The computer screen is not a book and deserves its own solutions, points out Eiffe: new icons, new keyboards and new concepts are needed to cope with the coming info-blitz as computers do for information what they have already done for words and numbers. With its mix of exercises, mind games, obscure factoids from the history of language, Interface Art constitutes a course of intellectual callisthenics to tone up the imagination of anyone dissatisfied with the state of the interface art.

Although designed for student and professional programmers, there is not a line of code in the book. Instead, Eiffe uses simple, accessible language, organised in (humourously-provocative) bite-sized chunks of text interspersed with flippant and decorative clip art.

Mediamatic has no information on the author or his background, but Interface Art speaks for itself.

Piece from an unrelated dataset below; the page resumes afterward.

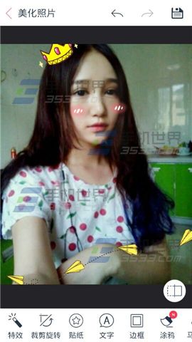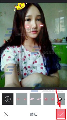 3)点击自己喜欢的贴纸,放大缩小移动到满意的位置后,点击【√】,即可保存哒。(如下图)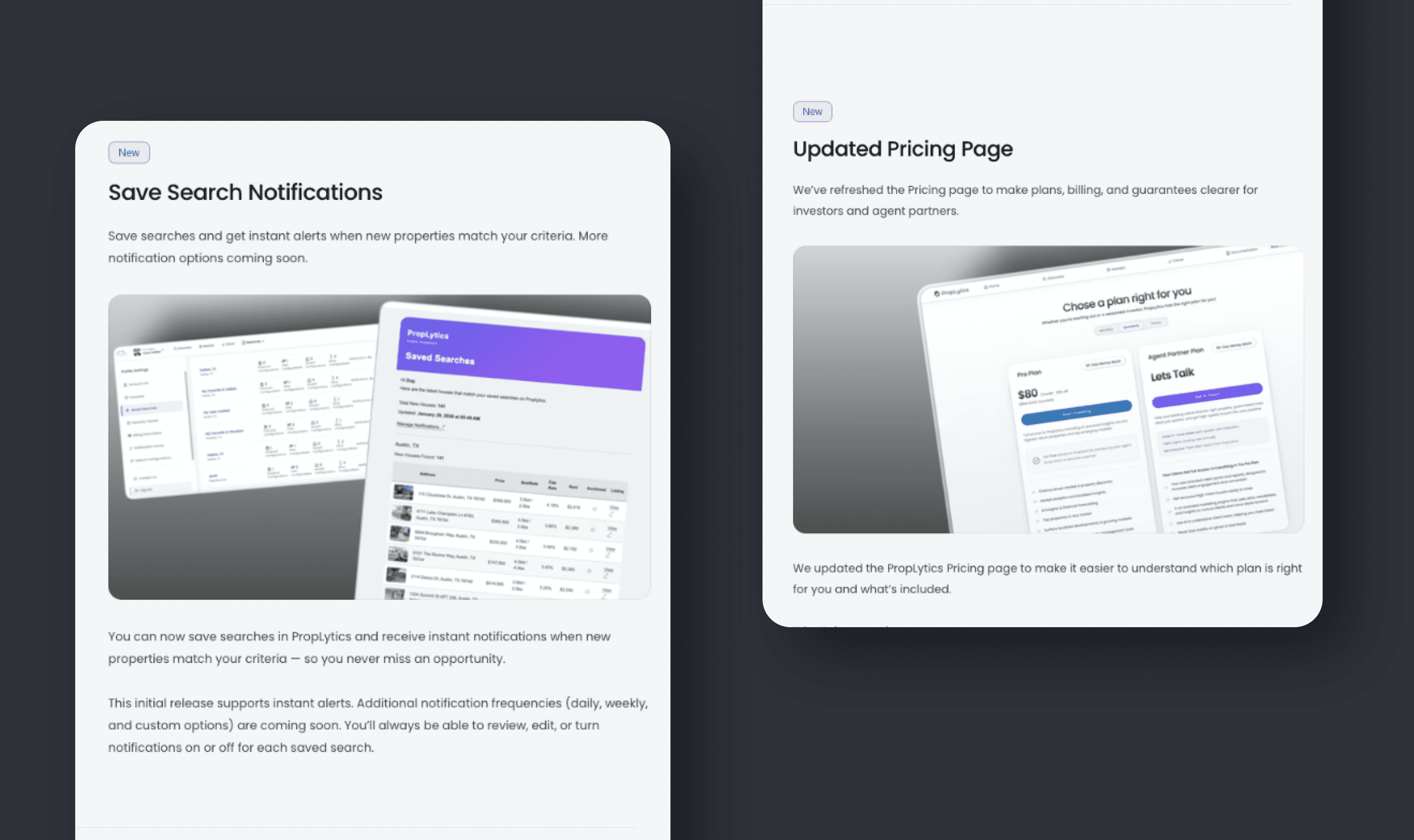 The landing platform was successfully separated from core product development, giving ownership of marketing content to the design and sales teams. This enabled faster and more dynamic updates, including the launch of a regular updates page, documentation hub, and public changelog—without requiring developer bandwidth. The new structure allowed experimentation with messaging, layout variations, and content strategies aimed at improving conversions. It also made it easier to update featured properties, clarify complex information, and dynamically adjust pages based on content needs while maintaining structural integrity.

Grab a paper plate and load up on this conceptual smorgasbord as soon as you can find it. --Jules Marshall in Mediamatic vol. 7#3/4

From the Publisher

I'd like to thank Amazon for providing this online space to give some background to Interface Art.

On one level this book purports to be a set of potential programming exercises for school students. During the early days of personal computing, circa 1980, typing in programs was the main activity. I myself bought an Apple II in early 1979, carried a small U.S. television home from San Francisco, and, using a step-down transformer, was likely the first Apple Computer customer in my home state of South Australia.

By 1990, programming was definitely on the wane, but there was still a case for students to be taught some skills.

The title of Interface Art was deliberately ambiguous, my ultimate interest being in the interface between the human mind and reality as mediated by language.

An early working title was Mindshift, because the thesis here is that a radical upgrade to language can produce a radical improvement in the interface of mind to reality. That is, people would automatically behave in a more intelligent fashion (surely a worthy aim). This hyper-Whorfian viewpoint is at odds with the prevailing academic view that all human languages deliver similar levels of competency, and any future changes to language are going to be about convenience rather than core function.

When looking at a mirror your focus is not the performance of the mirror but your image in reflection. Language is similarly difficult to study and understand. Upon learning our first language, we also come alive as sentient beings. But years later, you may have been asked, as I was, to learn a second language. It struck me forcibly that French aller was less versatile than English go. This and other discrepancies seemed a chink in the immaculate perfection of the language process.

Then came Roget's compaction of English vocabulary into several hundred numbered groupings.

Add the explicit terseness of chemical formulae and equations, the infinitesimal calculus and the notable fact that Newton's notation was outdone by that of Leibniz:

dy/dx beat f'(x).

So, in early 1968 as the summer of love gave way to the spring of street fighting man, flower-powered psychedelia mixed with preposterously naive ambition. For many, anything seemed possible. For me, I hoped that a handful of colourful visual symbols could be confected into a capable symbol-wielding monologue offering both elemental power and subtlety. Here was another cool form of mini-malism, but it would have to take place on a big movie screen, and its production would require resources such as an Oxberry Optical Printer that were comfortably out of my reach. Yet the dream persisted, and I began to investigate a formal basis for my intuitions.

Years and decades of impassioned letter-writing, research, manuscript production and forays into movie production followed. A year hunched over a Bolex H16 cine camera would give way to several with an IBM Selectric typewriter. An era of book production such as the one above would give way to a tussle with Delphi or Actionscript programming languages.

The dream is now dented, its tiring defender increasingly philosophical, but both refuse to lie down and die completely. Forty-two years on from that initial impulse, the rise of smart phones may allow a final flowering of the idea. The campaign continues elsewhere on the internet, but meanwhile I recommend Interface Art to you as the manifestation of an unfinished aspiration.